What the exercise asks: All records need to be reproduced exactly. Keep every word as it is.
================================
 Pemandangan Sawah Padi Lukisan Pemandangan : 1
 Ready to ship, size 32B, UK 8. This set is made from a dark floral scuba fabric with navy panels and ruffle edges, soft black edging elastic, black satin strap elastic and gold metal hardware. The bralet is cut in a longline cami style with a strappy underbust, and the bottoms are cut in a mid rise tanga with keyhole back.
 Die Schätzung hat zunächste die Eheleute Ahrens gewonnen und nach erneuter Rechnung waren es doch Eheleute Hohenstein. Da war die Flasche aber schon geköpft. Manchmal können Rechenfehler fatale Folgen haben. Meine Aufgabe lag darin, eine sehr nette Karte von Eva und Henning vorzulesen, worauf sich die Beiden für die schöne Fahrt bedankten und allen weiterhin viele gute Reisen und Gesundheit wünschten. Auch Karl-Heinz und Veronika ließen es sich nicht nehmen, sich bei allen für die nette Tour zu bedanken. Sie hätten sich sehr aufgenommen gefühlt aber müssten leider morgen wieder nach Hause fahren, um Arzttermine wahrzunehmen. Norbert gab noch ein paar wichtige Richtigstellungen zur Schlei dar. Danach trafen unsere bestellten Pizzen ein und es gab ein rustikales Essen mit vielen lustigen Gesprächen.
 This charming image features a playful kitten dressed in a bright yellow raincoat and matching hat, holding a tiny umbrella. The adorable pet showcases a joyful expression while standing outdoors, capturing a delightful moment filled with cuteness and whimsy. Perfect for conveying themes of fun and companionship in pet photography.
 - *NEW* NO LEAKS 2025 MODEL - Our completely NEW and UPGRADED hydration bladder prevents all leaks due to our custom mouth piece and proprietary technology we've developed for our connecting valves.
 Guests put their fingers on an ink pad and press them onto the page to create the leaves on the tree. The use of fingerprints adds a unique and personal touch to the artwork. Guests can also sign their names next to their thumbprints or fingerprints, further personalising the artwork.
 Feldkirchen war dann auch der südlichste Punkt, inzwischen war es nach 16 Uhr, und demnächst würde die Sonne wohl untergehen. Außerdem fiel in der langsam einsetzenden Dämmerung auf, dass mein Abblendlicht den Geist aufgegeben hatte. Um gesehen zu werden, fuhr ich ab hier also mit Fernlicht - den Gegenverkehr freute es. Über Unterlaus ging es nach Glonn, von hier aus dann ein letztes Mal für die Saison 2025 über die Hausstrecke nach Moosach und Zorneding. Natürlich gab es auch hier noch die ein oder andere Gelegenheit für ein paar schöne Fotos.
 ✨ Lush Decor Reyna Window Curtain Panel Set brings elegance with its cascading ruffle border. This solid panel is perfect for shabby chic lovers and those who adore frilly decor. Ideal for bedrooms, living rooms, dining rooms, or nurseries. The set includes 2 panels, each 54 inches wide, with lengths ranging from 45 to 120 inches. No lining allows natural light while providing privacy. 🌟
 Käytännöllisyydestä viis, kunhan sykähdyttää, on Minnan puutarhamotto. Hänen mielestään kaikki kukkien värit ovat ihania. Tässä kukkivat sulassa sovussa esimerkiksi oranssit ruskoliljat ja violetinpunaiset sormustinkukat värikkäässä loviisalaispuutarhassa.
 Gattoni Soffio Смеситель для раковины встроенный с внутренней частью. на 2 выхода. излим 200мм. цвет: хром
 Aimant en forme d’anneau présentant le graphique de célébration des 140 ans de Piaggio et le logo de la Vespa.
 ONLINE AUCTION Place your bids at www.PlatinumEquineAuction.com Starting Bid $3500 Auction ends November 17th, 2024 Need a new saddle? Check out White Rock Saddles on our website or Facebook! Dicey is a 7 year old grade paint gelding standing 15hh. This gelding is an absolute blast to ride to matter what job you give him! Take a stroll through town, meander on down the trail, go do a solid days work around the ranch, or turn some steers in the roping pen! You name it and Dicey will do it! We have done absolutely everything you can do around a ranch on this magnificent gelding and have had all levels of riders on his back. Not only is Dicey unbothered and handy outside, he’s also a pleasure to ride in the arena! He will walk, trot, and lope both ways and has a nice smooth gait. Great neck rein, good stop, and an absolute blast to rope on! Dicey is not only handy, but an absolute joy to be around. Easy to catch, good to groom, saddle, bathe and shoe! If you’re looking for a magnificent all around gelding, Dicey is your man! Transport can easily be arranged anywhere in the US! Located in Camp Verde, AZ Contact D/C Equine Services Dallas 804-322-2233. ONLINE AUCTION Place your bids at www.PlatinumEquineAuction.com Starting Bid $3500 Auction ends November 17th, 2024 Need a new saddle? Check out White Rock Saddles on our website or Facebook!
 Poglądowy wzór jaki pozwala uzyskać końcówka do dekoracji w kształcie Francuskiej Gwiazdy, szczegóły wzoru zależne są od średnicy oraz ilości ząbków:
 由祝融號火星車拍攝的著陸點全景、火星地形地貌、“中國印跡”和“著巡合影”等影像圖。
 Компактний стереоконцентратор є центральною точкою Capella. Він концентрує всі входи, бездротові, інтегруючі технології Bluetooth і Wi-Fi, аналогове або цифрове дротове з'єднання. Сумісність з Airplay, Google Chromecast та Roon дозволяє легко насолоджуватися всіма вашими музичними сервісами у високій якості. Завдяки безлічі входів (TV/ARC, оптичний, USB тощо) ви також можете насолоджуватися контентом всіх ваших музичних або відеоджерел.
================================
Response to this task:
 Pemandangan Sawah Padi Lukisan Pemandangan : 1
 Ready to ship, size 32B, UK 8. This set is made from a dark floral scuba fabric with navy panels and ruffle edges, soft black edging elastic, black satin strap elastic and gold metal hardware. The bralet is cut in a longline cami style with a strappy underbust, and the bottoms are cut in a mid rise tanga with keyhole back.
 Die Schätzung hat zunächste die Eheleute Ahrens gewonnen und nach erneuter Rechnung waren es doch Eheleute Hohenstein. Da war die Flasche aber schon geköpft. Manchmal können Rechenfehler fatale Folgen haben. Meine Aufgabe lag darin, eine sehr nette Karte von Eva und Henning vorzulesen, worauf sich die Beiden für die schöne Fahrt bedankten und allen weiterhin viele gute Reisen und Gesundheit wünschten. Auch Karl-Heinz und Veronika ließen es sich nicht nehmen, sich bei allen für die nette Tour zu bedanken. Sie hätten sich sehr aufgenommen gefühlt aber müssten leider morgen wieder nach Hause fahren, um Arzttermine wahrzunehmen. Norbert gab noch ein paar wichtige Richtigstellungen zur Schlei dar. Danach trafen unsere bestellten Pizzen ein und es gab ein rustikales Essen mit vielen lustigen Gesprächen.
 This charming image features a playful kitten dressed in a bright yellow raincoat and matching hat, holding a tiny umbrella. The adorable pet showcases a joyful expression while standing outdoors, capturing a delightful moment filled with cuteness and whimsy. Perfect for conveying themes of fun and companionship in pet photography.
 - *NEW* NO LEAKS 2025 MODEL - Our completely NEW and UPGRADED hydration bladder prevents all leaks due to our custom mouth piece and proprietary technology we've developed for our connecting valves.
 Guests put their fingers on an ink pad and press them onto the page to create the leaves on the tree. The use of fingerprints adds a unique and personal touch to the artwork. Guests can also sign their names next to their thumbprints or fingerprints, further personalising the artwork.
 Feldkirchen war dann auch der südlichste Punkt, inzwischen war es nach 16 Uhr, und demnächst würde die Sonne wohl untergehen. Außerdem fiel in der langsam einsetzenden Dämmerung auf, dass mein Abblendlicht den Geist aufgegeben hatte. Um gesehen zu werden, fuhr ich ab hier also mit Fernlicht - den Gegenverkehr freute es. Über Unterlaus ging es nach Glonn, von hier aus dann ein letztes Mal für die Saison 2025 über die Hausstrecke nach Moosach und Zorneding. Natürlich gab es auch hier noch die ein oder andere Gelegenheit für ein paar schöne Fotos.
 ✨ Lush Decor Reyna Window Curtain Panel Set brings elegance with its cascading ruffle border. This solid panel is perfect for shabby chic lovers and those who adore frilly decor. Ideal for bedrooms, living rooms, dining rooms, or nurseries. The set includes 2 panels, each 54 inches wide, with lengths ranging from 45 to 120 inches. No lining allows natural light while providing privacy. 🌟
 Käytännöllisyydestä viis, kunhan sykähdyttää, on Minnan puutarhamotto. Hänen mielestään kaikki kukkien värit ovat ihania. Tässä kukkivat sulassa sovussa esimerkiksi oranssit ruskoliljat ja violetinpunaiset sormustinkukat värikkäässä loviisalaispuutarhassa.
 Gattoni Soffio Смеситель для раковины встроенный с внутренней частью. на 2 выхода. излим 200мм. цвет: хром
 Aimant en forme d’anneau présentant le graphique de célébration des 140 ans de Piaggio et le logo de la Vespa.
 ONLINE AUCTION Place your bids at www.PlatinumEquineAuction.com Starting Bid $3500 Auction ends November 17th, 2024 Need a new saddle? Check out White Rock Saddles on our website or Facebook! Dicey is a 7 year old grade paint gelding standing 15hh. This gelding is an absolute blast to ride to matter what job you give him! Take a stroll through town, meander on down the trail, go do a solid days work around the ranch, or turn some steers in the roping pen! You name it and Dicey will do it! We have done absolutely everything you can do around a ranch on this magnificent gelding and have had all levels of riders on his back. Not only is Dicey unbothered and handy outside, he’s also a pleasure to ride in the arena! He will walk, trot, and lope both ways and has a nice smooth gait. Great neck rein, good stop, and an absolute blast to rope on! Dicey is not only handy, but an absolute joy to be around. Easy to catch, good to groom, saddle, bathe and shoe! If you’re looking for a magnificent all around gelding, Dicey is your man! Transport can easily be arranged anywhere in the US! Located in Camp Verde, AZ Contact D/C Equine Services Dallas 804-322-2233. ONLINE AUCTION Place your bids at www.PlatinumEquineAuction.com Starting Bid $3500 Auction ends November 17th, 2024 Need a new saddle? Check out White Rock Saddles on our website or Facebook!
 Poglądowy wzór jaki pozwala uzyskać końcówka do dekoracji w kształcie Francuskiej Gwiazdy, szczegóły wzoru zależne są od średnicy oraz ilości ząbków:
 由祝融號火星車拍攝的著陸點全景、火星地形地貌、“中國印跡”和“著巡合影”等影像圖。
 Компактний стереоконцентратор є центральною точкою Capella. Він концентрує всі входи, бездротові, інтегруючі технології Bluetooth і Wi-Fi, аналогове або цифрове дротове з'єднання. Сумісність з Airplay, Google Chromecast та Roon дозволяє легко насолоджуватися всіма вашими музичними сервісами у високій якості. Завдяки безлічі входів (TV/ARC, оптичний, USB тощо) ви також можете насолоджуватися контентом всіх ваших музичних або відеоджерел.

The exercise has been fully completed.